Resurgent McCain blasts Neo-Soviet Russia

Can we have a word, Mr. Putin?

Last week Senator and presidential candidate John McCain gave us Russophobes an amazing early Christmas present, delivering a blistering attack on neo-Soviet Russia at one of the world’s most prestigious institutes of foreign policy, Johns Hopkins University.  The speech was immediately touted by conservative pundits as a declaration of war by the newly empowered Republican Party upon the craven appeasement policies of the Obama adminstration.

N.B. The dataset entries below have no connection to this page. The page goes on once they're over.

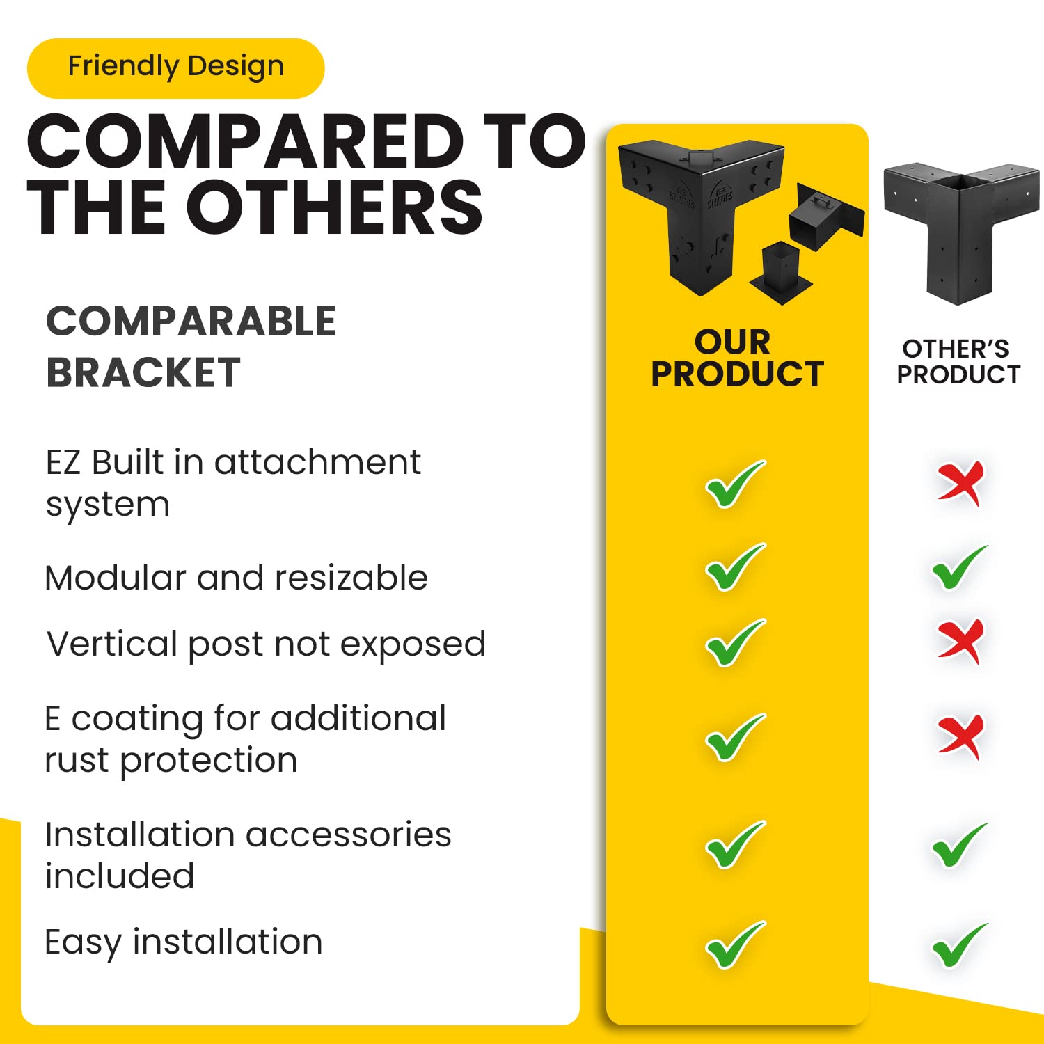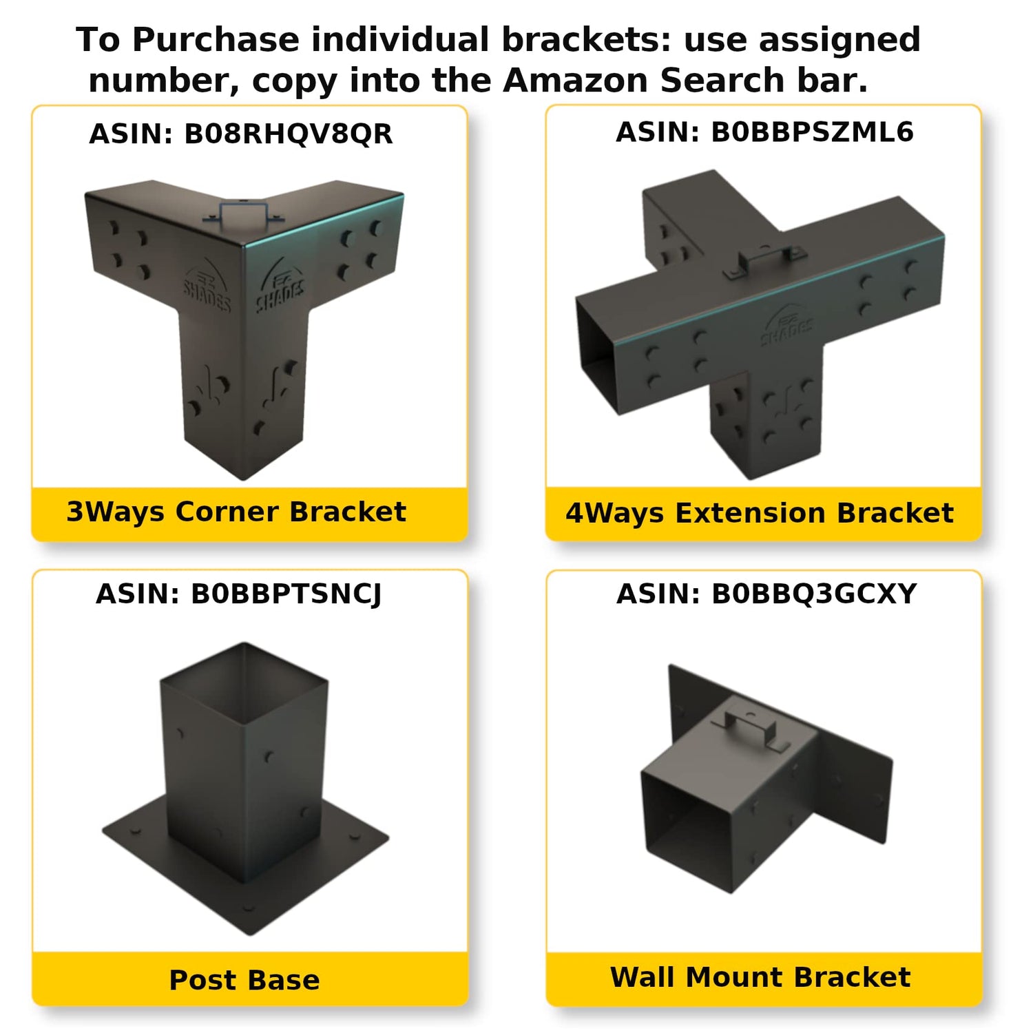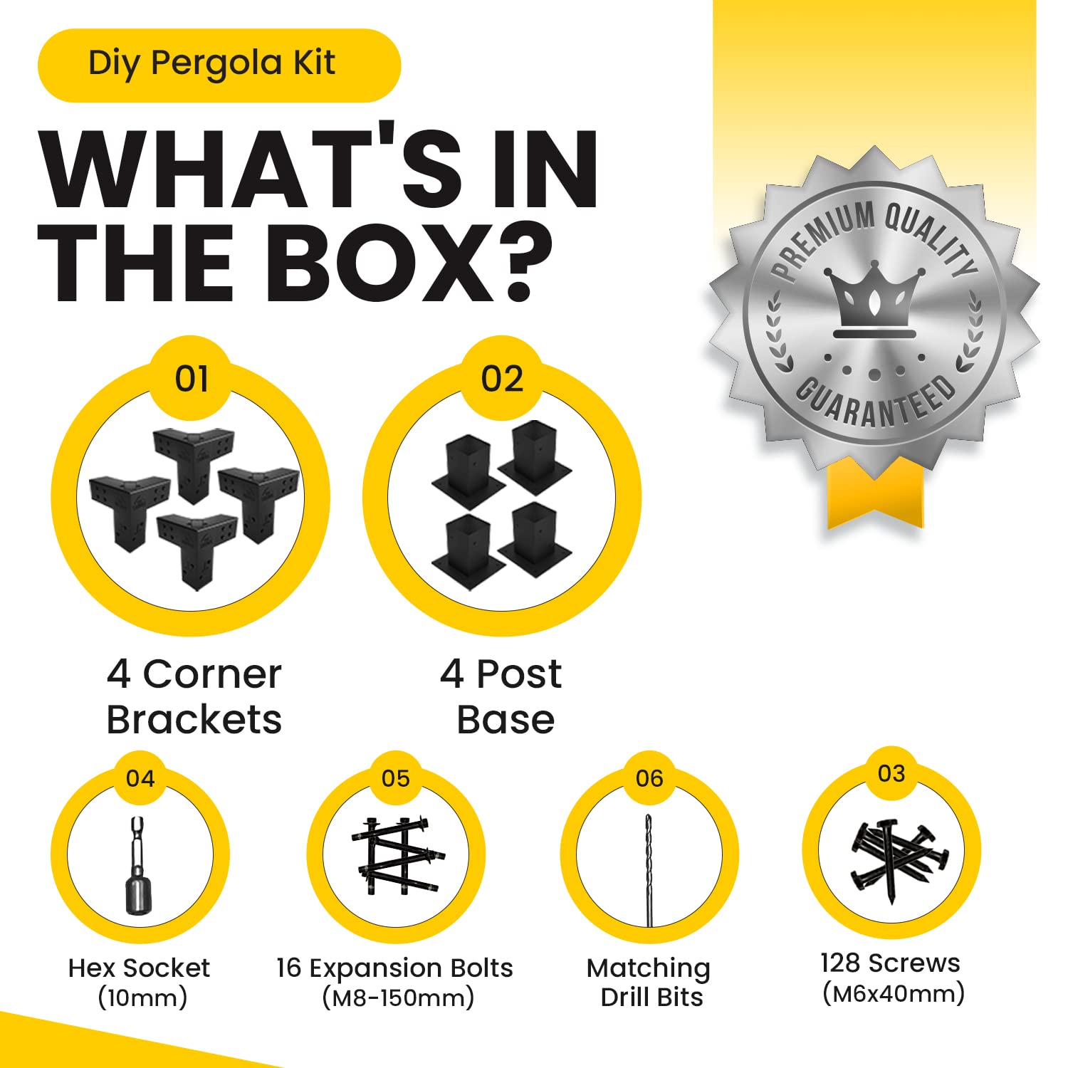 Details: Transform your outdoor space into a lovely alfresco living area by using a sturdy pergola, constructed with EZ Shades' free-standing Pergola Frame Kit . Specially made to fit 4x4 lumber (actual size 3.5x3.5 inches) for building secure and stylish pergolas for patios and backyards, our brackets help you erect safer structures conveniently. Dependable Solution: Pergola Hardware with Our 3-way corner brackets serve as a post to beam connector to ensure that each lumber post stays firmly in place. Their thickened steel and box design provide optimal security. Quick Installation: Unlike regular DIY brackets, we carefully crafted our pergola accessories with versatility and convenience in mind. Every purchase comes with an installation manual. You can also browse our online tutorial. What’s Included: 4 3-Way Corner Brackets 4 Post Bases 128 Screws: M6 x 40 mm 16 Expansion Bolts: M8-150 mm Matching Drill Bits (for wood and masonry) 10 mm Hex Socket Important Note: The pergola shade and lumber posts are not included in the package. Made by DIYers for DIYers We started our company by making our own pergola and realized it wasn’t easy. This led us to create our quality DIY pergola kits and accessories. Our products are easy to assemble, cost-effective and designed in sunny San Diego, California. So, we know they work!Build pergolas conveniently with EZ Shades’ Pergola Bracket Kit!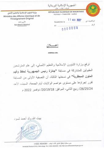 (الإعلام نت): أعلنت وزارة الشؤون الإسلامية والتعليم الأصلي اليوم موعد التصفية الأولى للنسخة الثالثة من مسابقة "جائزة رئيس الجمهورية لحفظ وفهم المتون المحظرية".
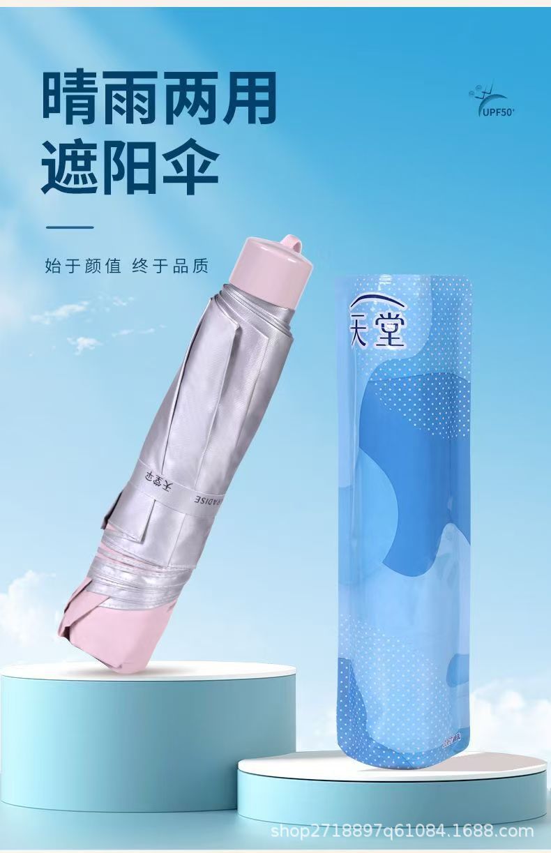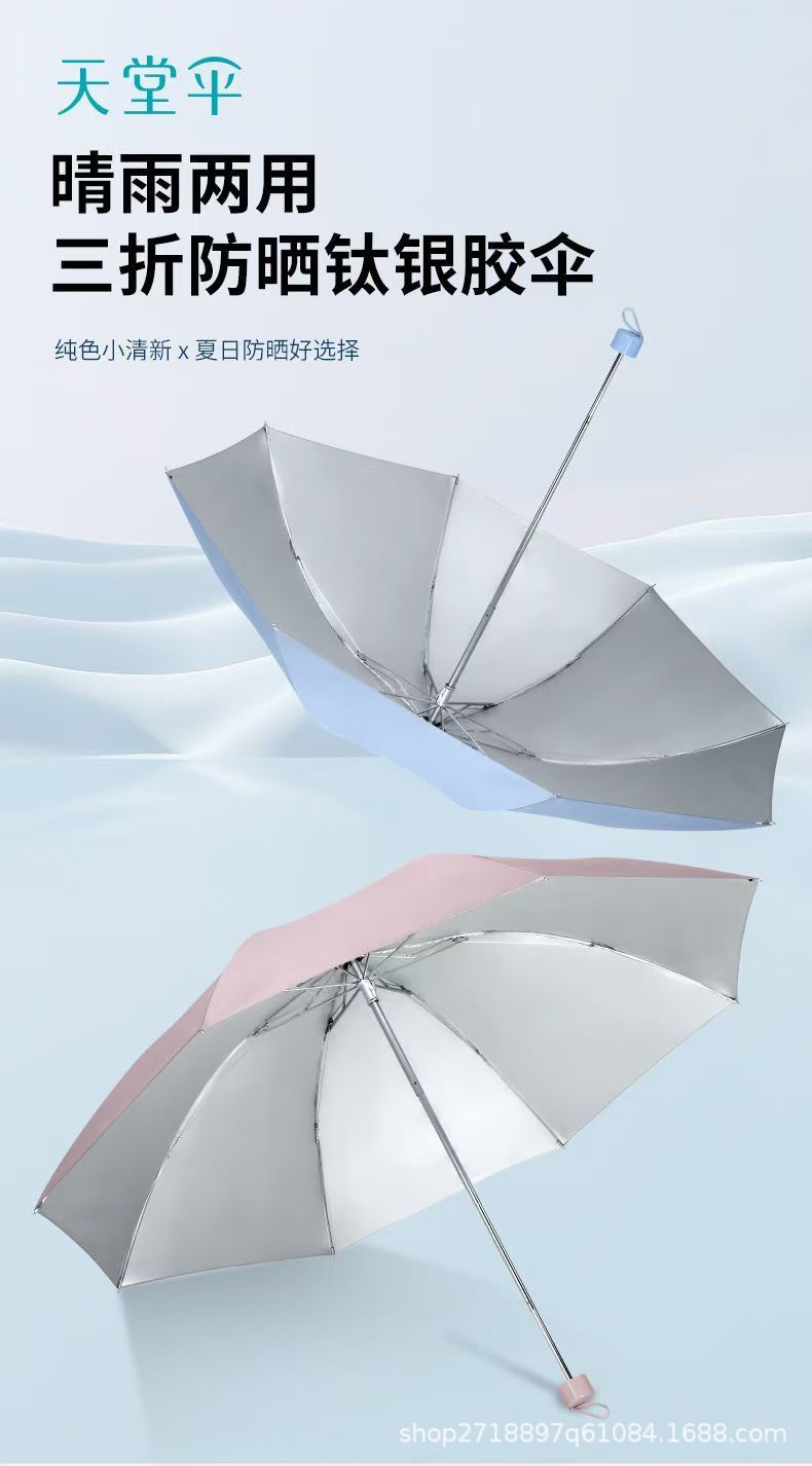 天堂伞336T银胶礼品伞8K折叠伞防晒防紫外线晴雨伞短柄纯色三

McCain pulled no punches.  He called for massive new shipments of arms to Georgia, condeming Russia for continuing “to occupy 20 percent of Georgia’s sovereign territory” and “building military bases there” and “permitting the ethnic cleansing of Georgians in South Ossetia, and denying access to humanitarian missions – all in violation of Russia’s obligations under the ceasefire agreement negotiated by President Sarkozy.”  He openly mocked the Kremlin, stating:  “The World Bank considers Georgia the 12th best place in the world to do business; Russia is 123rd.  Russia’s decline is a human tragedy, but it is also a geopolitical reality.  Put simply, Russia is becoming less and less capable of being a global, great power partner with the United States.”

And that was just for starters.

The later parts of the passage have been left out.